Your objective
Because the copy must hold no pictures, return the data below with all of its words intact.

Information shown
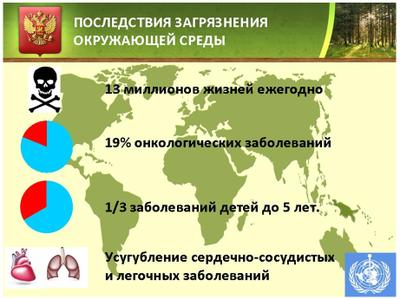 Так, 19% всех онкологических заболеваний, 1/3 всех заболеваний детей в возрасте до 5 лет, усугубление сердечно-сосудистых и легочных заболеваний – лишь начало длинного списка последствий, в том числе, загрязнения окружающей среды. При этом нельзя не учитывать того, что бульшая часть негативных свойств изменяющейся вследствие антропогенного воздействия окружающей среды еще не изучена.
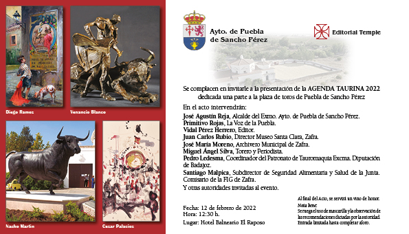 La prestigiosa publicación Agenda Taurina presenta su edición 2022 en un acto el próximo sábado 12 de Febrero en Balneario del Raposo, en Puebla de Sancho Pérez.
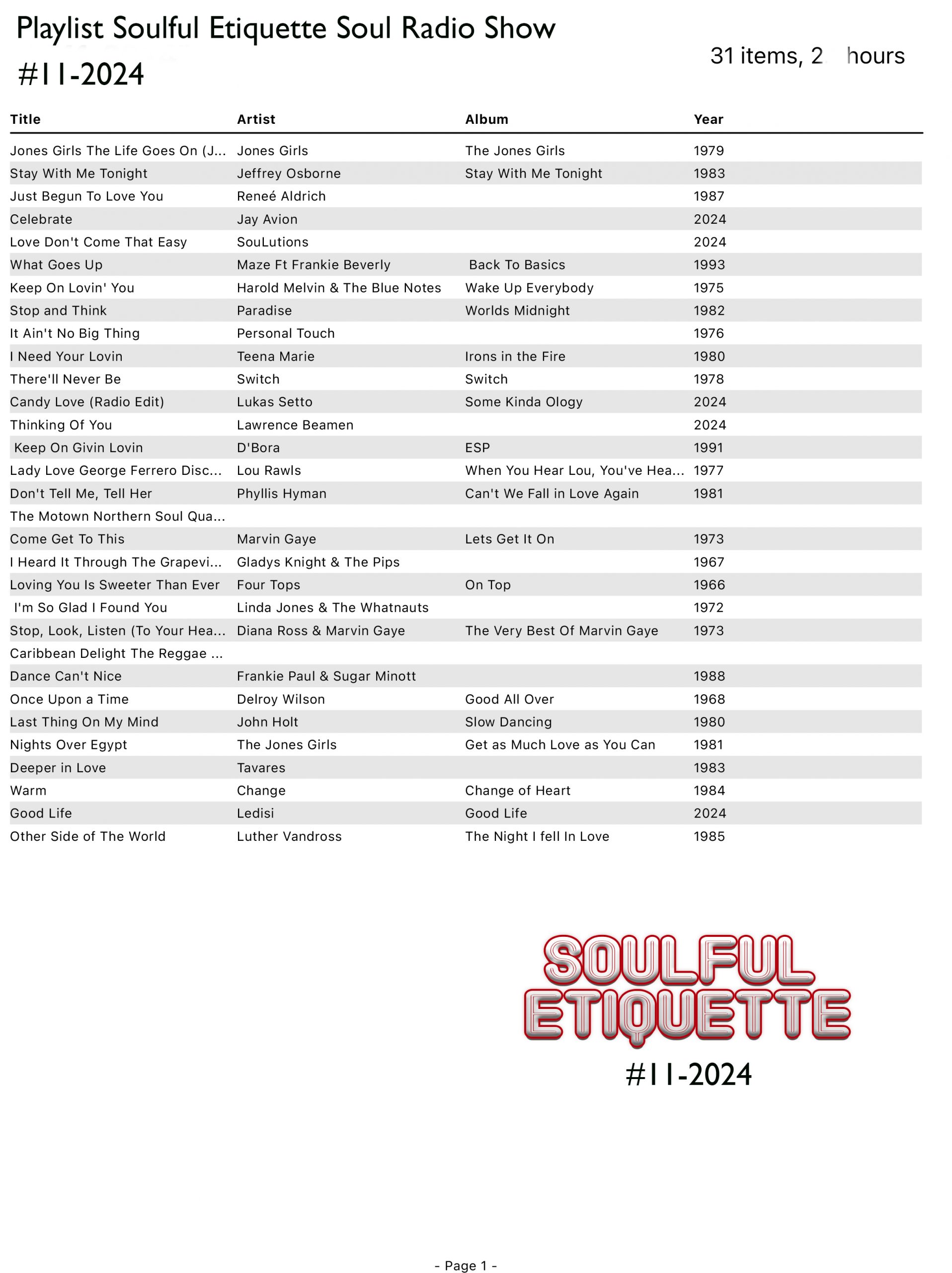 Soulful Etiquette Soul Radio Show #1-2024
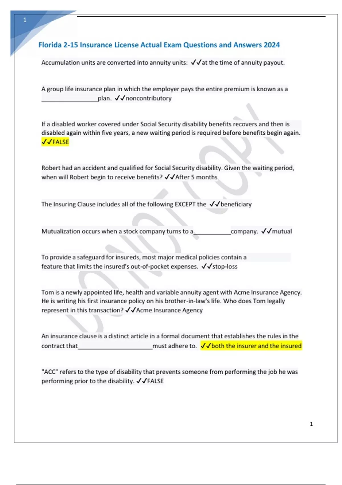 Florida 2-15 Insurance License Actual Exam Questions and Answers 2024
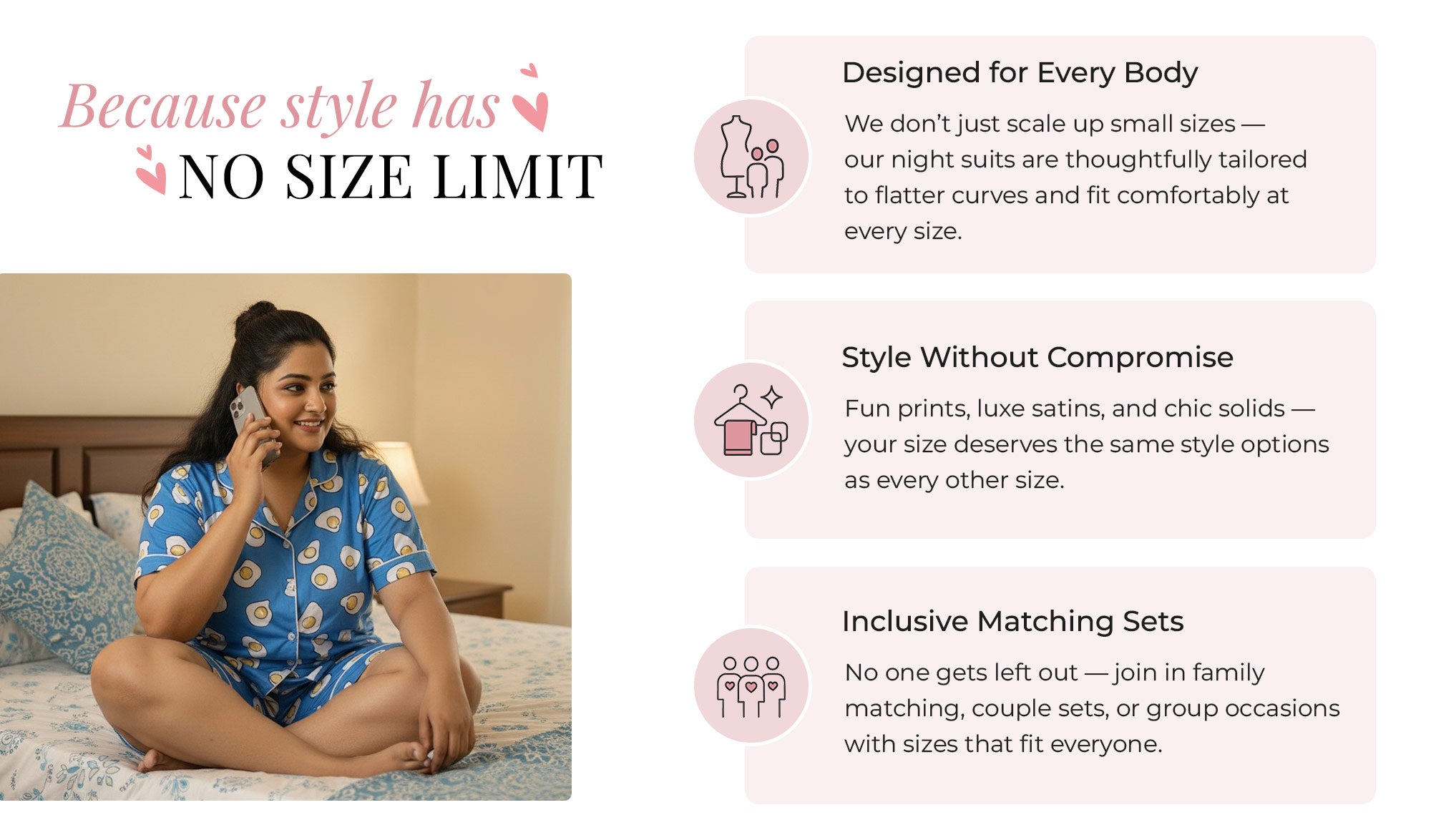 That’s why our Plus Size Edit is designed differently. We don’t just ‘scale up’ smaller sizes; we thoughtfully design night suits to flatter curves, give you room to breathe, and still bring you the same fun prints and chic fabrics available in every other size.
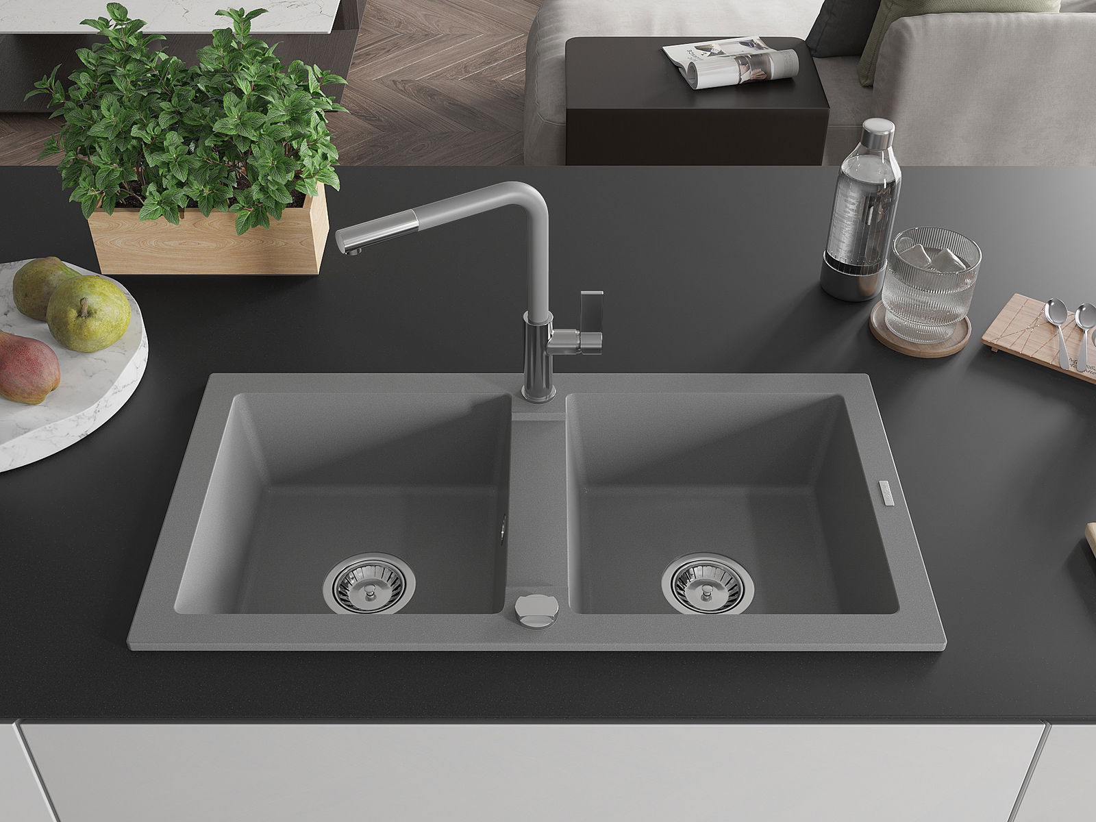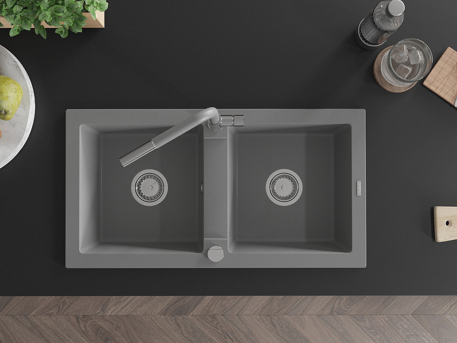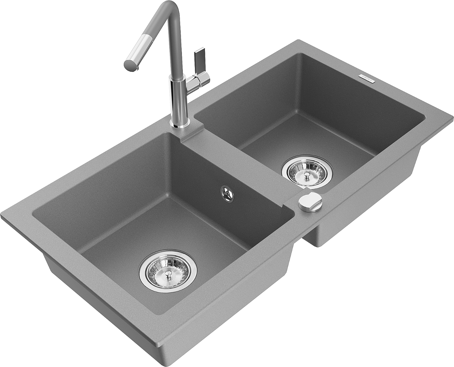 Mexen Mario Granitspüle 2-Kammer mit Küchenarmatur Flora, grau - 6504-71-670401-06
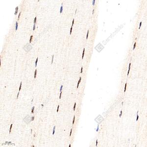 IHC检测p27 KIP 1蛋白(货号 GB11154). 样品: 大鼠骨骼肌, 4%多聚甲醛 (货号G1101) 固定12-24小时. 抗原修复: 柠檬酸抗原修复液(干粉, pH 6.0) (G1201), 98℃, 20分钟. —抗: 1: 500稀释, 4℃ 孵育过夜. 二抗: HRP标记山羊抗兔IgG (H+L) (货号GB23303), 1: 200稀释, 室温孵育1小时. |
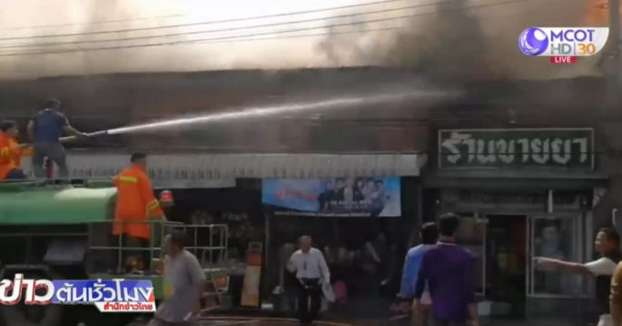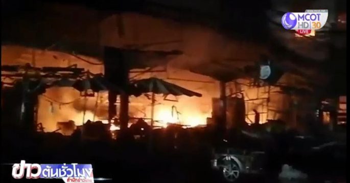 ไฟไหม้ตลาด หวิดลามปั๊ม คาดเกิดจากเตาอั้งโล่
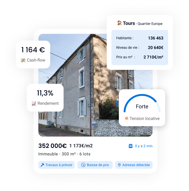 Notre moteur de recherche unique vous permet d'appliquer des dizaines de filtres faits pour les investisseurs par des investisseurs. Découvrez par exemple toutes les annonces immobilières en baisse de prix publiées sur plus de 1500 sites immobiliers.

Task answer
 Так, 19% всех онкологических заболеваний, 1/3 всех заболеваний детей в возрасте до 5 лет, усугубление сердечно-сосудистых и легочных заболеваний – лишь начало длинного списка последствий, в том числе, загрязнения окружающей среды. При этом нельзя не учитывать того, что бульшая часть негативных свойств изменяющейся вследствие антропогенного воздействия окружающей среды еще не изучена.
 La prestigiosa publicación Agenda Taurina presenta su edición 2022 en un acto el próximo sábado 12 de Febrero en Balneario del Raposo, en Puebla de Sancho Pérez.
 Soulful Etiquette Soul Radio Show #1-2024
 Florida 2-15 Insurance License Actual Exam Questions and Answers 2024
 That’s why our Plus Size Edit is designed differently. We don’t just ‘scale up’ smaller sizes; we thoughtfully design night suits to flatter curves, give you room to breathe, and still bring you the same fun prints and chic fabrics available in every other size.
 Mexen Mario Granitspüle 2-Kammer mit Küchenarmatur Flora, grau - 6504-71-670401-06
 IHC检测p27 KIP 1蛋白(货号 GB11154). 样品: 大鼠骨骼肌, 4%多聚甲醛 (货号G1101) 固定12-24小时. 抗原修复: 柠檬酸抗原修复液(干粉, pH 6.0) (G1201), 98℃, 20分钟. —抗: 1: 500稀释, 4℃ 孵育过夜. 二抗: HRP标记山羊抗兔IgG (H+L) (货号GB23303), 1: 200稀释, 室温孵育1小时. |
 ไฟไหม้ตลาด หวิดลามปั๊ม คาดเกิดจากเตาอั้งโล่
 Notre moteur de recherche unique vous permet d'appliquer des dizaines de filtres faits pour les investisseurs par des investisseurs. Découvrez par exemple toutes les annonces immobilières en baisse de prix publiées sur plus de 1500 sites immobiliers.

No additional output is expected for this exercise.